RNA Graph Partitioning for the Discovery of RNA Modularity: A Novel Application of Graph Partition Algorithm to Biology

Graph representations have been widely used to analyze and design various economic, social, military, political, and biological networks. In systems biology, networks of cells and organs are useful for understanding disease and medical treatments and, in structural biology, structures of molecules can be described, including RNA structures. In our RNA-As-Graphs (RAG) framework, we represent RNA structures as tree graphs by translating unpaired regions into vertices and helices into edges. Here we explore the modularity of RNA structures by applying graph partitioning known in graph theory to divide an RNA graph into subgraphs. To our knowledge, this is the first application of graph partitioning to biology, and the results suggest a systematic approach for modular design in general. The graph partitioning algorithms utilize mathematical properties of the Laplacian eigenvector (µ2) corresponding to the second eigenvalues (λ2) associated with the topology matrix defining the graph: λ2 describes the overall topology, and the sum of µ2′s components is zero. The three types of algorithms, termed median, sign, and gap cuts, divide a graph by determining nodes of cut by median, zero, and largest gap of µ2′s components, respectively. We apply these algorithms to 45 graphs corresponding to all solved RNA structures up through 11 vertices (∼220 nucleotides).

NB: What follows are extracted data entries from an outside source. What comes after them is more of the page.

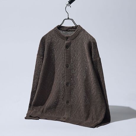 和紙のようなドライな質感と、軽やかな表情が魅力のクルーネックカーディガン。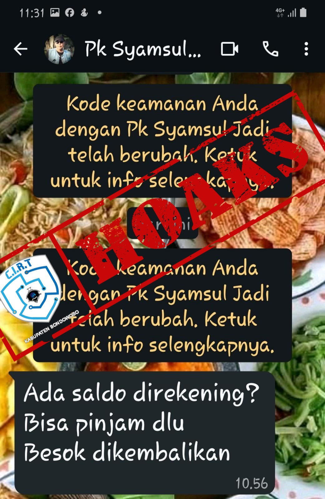Beredar sebuah pesan berantai Whatsapp yang menjelaskan bahaya dari pengiriman ucapan selamat dalam bentuk gambar dan video karena digunakan untuk mencuri informasi pribadi, dan dilaporkan bahwa lebih dari 500.000 korban telah ditipu. Berdasarkan hasil penelusuran, pesan berantai tersebut pernah beredar pada tahun 2018 serta kembali muncul pada 2020 dan merupakan informasi yang palsu. Narasi : Harap diperhatikan: Mulai dari 1 Maret, semua gambar "selamat pagi, selamat pagi, selamat akhir pekan, dll." Akan dikenakan biaya, dan itu adalah biaya dua arah (mengirim dan menerima). Silakan gunakan teks untuk salam Anda, Don tidak menggunakan gambar! Terima kasih Teman sekelas HK saya juga mengirimkannya: mulai besok, saya tidak akan memposting gambar online, lihat saja artikel berikut untuk memahaminya. Hapus semua foto dan video dengan ucapan seperti "Selamat pagi" dan "Selamat malam" secepatnya. Bacalah artikel berikut dengan seksama. Baca semua! Harap segera kirim pesan ini ke sebanyak mungkin teman untuk mencegah gangguan ilegal. # Peringat an dari pengacara Olga Nikolaevna : Catatan .! Bagi yang suka mengirim pesan "Selamat Pagi .!" , "Selamat siang .!", "Selamat malam .!" Orang di dalam gambar , tolong jangan kirim pesan "baik" ini. Hari ini , "Shanghai China International News" mengirim SOS ke semua pelanggan (ini ada lah pengingat ketiga) Para ahli menyaran kan : Jangan mengirim gambar dan video selamat pagi dan malam. Laporan tersebut me nunjuk kan bahwa peretas yang menyerang China merancang gambar-gambar ini. Gambar dan video ini indah , tetapi ada kode phishing yang tersembunyi di dalam nya. Ketika semua orang mengirim pesan ini , peretas mengguna kan perangkat Anda untuk mencuri informasi pribadi. Misal nya , informasi kartu bank dan data , dan dapat meretas ponsel Anda. Menurut laporan , lebih dari 500.000 korban telah di tipu dan di tipu. Jika Anda ingin menyapa orang lain, silah kan tulis ke ingin an dan salam Anda sendiri , dan kirim kan gambar dan video ucap an salam yang telah Anda buat agar Anda dapat melindungi diri sendiri dan keluarga serta teman-teman Anda. penting .! Demi keamanan, harap hapus semua pesan ucapan dan gambar dari ponsel Anda. Jika seseorang mengirimi Anda gambar seperti itu , harap segera hapus dari perangkat Anda. Kode berbahaya membutuh kan waktu untuk di terap kan , jadi jika Anda segera bertindak , itu tidak akan membahaya kan. Beri tahu semua teman Anda untuk mencegah peretasan. Sapa dengan kata-kata Anda sendiri , dan hanya kirim kan gambar dan video yang Anda buat untuk menyambut Anda. Ini sepenuh nya aman untuk Anda , keluarga , dan teman Anda. Mohon mengerti maksud saya dengan benar .! Ponsel setiap orang terpasang dengan kartu bank , dan ponsel setiap orang memiliki banyak kontak. Gambar ucapan semacam ini yang dibuat oleh peretas tidak hanya menimbulkan ancaman bagi diri Anda sendiri , tetapi juga mengancam semua kontak di ponsel , teman , dan kenalan Anda! Ini adalah kenyataan yang kejam .! ️! ️! ️ Beberapa orang telah menerima panggilan dari nomor berikut : Telepon : +375602605281, Telepon : +37127913091 Telepon : +37178565072 Telepon : +56322553736 Telepon : +37052529259 Telepon : +255901130460 Atau dari +371 hingga +375 * 381 ❗❗❗Jika Anda menelepon balik, mereka dapat menyalin daftar kontak Anda dalam waktu 3 detik , dan jika ponsel Anda berisi informasi kartu bank atau kartu kredit , itu juga dapat disalin. Kode + 375-Belarusia. Kode + 371-Latvia. + 381-Serbia + 563-Valparaiso + 370-Vilnius + 255-Tanzania Panggilan ini mungkin berasal dari ISIS. ❗❗❗ * Jangan pernah menjawab * Dan * jangan menelepon balik * ❗❗❗ Selain itu , ❗❗} ❗} jangan tekan No. 90 atau No. 09, jangan di tampil kan di ponsel Anda atas permintaan pelanggan mana pun. Ini ada lah teknik baru yang digunakan oleh terroris untuk mengunjungi kartu SIM seluler Anda dan menjadi kan Anda kaki tangan .! ! ! * Kirim pesan ini ke sebanyak mungkin kerabat dan teman untuk mencegah gangguan yang tidak sah .! ! !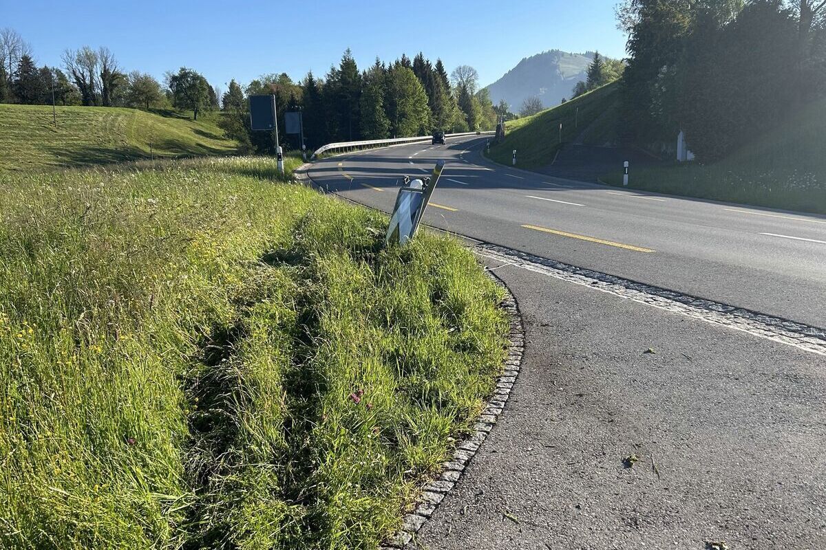 In der Nacht auf Freitag, 10. Mai 2024, ist ein Autofahrer auf der Schlagstrasse beim Erlirank in Sattel mit einem Leitpfosten und einer Signalisationstafel kollidiert. Die Polizei sucht nun nach Zeugen.

While we observe that the median cut divides a graph into two similar-sized subgraphs, the sign and gap cuts partition a graph into two topologically-distinct subgraphs. We find that the gap cut produces the best biologically-relevant partitioning for RNA because it divides RNAs at less stable connections while maintaining junctions intact. The iterative gap cuts suggest basic modules and assembly protocols to design large RNA structures. Our graph substructuring thus suggests a systematic approach to explore the modularity of biological networks. In our applications to RNA structures, subgraphs also suggest design strategies for novel RNA motifs.